Rede von Tobias Peter am 25. März 2026 zum Antrag "Wiederaufnahme der Verkehrs- und Stadtraumplanung für Bayerischen Platz"
Foto: Martin Jehnichen- es gilt das gesprochene Wort -
Sehr geehrter Herr Oberbürgermeister, werte Beigeordnete, liebe Kolleginnen und Kollegen, werte Gäste,
der Zustand des Bayerischen Platz ist für viele Leipzigerinnen und Leipzig ein Stein des Anstoßes – im wahrsten Sinne des Wortes, denn er ist in weiten Teilen eine einzige Steinwüste.
Eine Steinwüste mit enormer sommerlicher Aufhitzung, einem oft überlasteten Verkehrsraum und fehlender Aufenthaltsqualität.
Obwohl der Bayerische Platz ein zentraler Knotenpunkt im Herzen unserer Stadt ist, wird er seit Jahrzehnten vernachlässigt.
Unsere Fraktion hat in den letzten Jahren immer wieder auf diesen Zustand hingewiesen und im Rat gefordert, wenigstens im Rahmen der Unterhaltsmaßnahmen die Aufenthalts- und Grünqualitäten etwas zu verbessern.
Es ist gut und wichtig, dass der Bayerische Platz im Stadtplatz für einen Komplettumbau vorgesehen ist.
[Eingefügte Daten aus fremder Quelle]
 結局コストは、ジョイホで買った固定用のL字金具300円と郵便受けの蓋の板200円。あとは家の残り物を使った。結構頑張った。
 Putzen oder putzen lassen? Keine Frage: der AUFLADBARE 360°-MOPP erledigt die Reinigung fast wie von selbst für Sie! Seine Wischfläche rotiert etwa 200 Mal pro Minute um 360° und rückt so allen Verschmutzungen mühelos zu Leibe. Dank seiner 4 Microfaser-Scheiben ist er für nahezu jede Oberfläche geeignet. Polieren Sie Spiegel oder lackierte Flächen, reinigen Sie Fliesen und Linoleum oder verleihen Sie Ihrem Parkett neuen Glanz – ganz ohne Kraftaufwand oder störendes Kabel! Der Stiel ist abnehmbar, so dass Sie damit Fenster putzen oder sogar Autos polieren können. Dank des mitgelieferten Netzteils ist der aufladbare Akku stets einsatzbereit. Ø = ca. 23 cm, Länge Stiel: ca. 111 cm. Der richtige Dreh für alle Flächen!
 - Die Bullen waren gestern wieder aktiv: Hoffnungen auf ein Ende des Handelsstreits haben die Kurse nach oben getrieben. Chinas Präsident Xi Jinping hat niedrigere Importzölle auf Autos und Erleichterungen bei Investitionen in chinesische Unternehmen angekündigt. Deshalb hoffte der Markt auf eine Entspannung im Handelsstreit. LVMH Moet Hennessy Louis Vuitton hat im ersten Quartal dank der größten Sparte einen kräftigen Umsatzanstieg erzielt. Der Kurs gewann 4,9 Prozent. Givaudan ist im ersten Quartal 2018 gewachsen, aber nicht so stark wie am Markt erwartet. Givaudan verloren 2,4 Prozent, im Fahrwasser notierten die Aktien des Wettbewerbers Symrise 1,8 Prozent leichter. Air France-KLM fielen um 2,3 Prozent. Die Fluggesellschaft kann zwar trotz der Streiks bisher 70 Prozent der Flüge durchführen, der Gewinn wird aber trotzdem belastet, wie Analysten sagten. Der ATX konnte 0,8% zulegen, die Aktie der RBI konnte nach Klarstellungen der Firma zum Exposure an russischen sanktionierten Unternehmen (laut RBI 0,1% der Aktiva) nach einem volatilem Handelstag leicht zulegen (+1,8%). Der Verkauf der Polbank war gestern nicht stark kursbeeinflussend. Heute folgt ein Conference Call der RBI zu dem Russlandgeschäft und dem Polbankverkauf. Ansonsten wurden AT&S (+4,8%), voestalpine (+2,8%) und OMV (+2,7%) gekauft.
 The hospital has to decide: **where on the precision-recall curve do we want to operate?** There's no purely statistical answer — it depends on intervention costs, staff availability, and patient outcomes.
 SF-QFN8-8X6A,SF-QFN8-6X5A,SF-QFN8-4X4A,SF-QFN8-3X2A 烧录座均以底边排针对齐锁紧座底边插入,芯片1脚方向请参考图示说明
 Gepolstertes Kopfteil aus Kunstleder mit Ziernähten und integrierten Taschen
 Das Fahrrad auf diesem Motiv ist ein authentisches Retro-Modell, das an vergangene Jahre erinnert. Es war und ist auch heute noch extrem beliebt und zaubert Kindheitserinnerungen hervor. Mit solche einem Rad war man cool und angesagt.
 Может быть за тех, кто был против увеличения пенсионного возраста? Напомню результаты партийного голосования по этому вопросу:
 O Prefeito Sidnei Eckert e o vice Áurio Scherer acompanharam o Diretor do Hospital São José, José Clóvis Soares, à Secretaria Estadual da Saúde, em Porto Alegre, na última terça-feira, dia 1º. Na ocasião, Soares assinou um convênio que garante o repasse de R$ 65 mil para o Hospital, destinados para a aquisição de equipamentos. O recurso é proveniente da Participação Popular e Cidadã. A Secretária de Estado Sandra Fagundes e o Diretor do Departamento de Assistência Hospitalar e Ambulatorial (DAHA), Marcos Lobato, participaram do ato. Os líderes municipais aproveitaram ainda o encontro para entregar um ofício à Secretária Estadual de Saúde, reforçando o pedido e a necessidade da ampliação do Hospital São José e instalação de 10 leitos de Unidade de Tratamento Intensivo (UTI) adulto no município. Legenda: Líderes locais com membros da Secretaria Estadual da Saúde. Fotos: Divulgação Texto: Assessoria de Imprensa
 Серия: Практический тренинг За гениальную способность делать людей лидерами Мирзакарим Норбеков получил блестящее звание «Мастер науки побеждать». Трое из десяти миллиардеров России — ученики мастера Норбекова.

Wir haben hier die Chance, eine Mobilitätsdrehscheibe mit sicheren, attraktiven Wegen für alle neu zu organisieren.
Wir haben die Chance, versiegelte Flächen zu öffnen für Bäume, Grünflächen, Wasserflächen – gegen Hitzeinseln und dabei auch Biodiversität zu fördern. Die Leipziger*innen wollen das – kaum etwas stößt auf soviel begeisterte Zustimmung wie die Vision begrünter Plätze – das haben wir in den letzten Tagen gerade erst wieder auf unserem Fraktionsaccount gesehen.
Also: haben wir den Mut, das entschlossen anzugehen. Die Leipziger*innen verdienen einen Stadtraum mit hoher Aufenthaltsqualität mit Plätzen zum Verweilen, die Begegnungen ermöglichen – und nicht nur Durchgangsverkehr. Draußen ist für alle da!
Wir sind der CDU-Fraktion dankbar, dass sie das Thema wieder auf die Tagesordnung gesetzt hat – wir wissen, die Rahmenbedingungen im Haushalt sind schwierig, aber erste Schritte können und sollten wir gehen.
Deshalb sind die Eckpunkte, die seitens der Verwaltung für eine Phase Null vorgeschlagen wurden, richtig:
- die umfassende Prüfung und Neuordnung des Verkehrsraums unter Einbeziehung aller
Verkehrsträger (MIV, ÖPNV, Rad- und Fußverkehr)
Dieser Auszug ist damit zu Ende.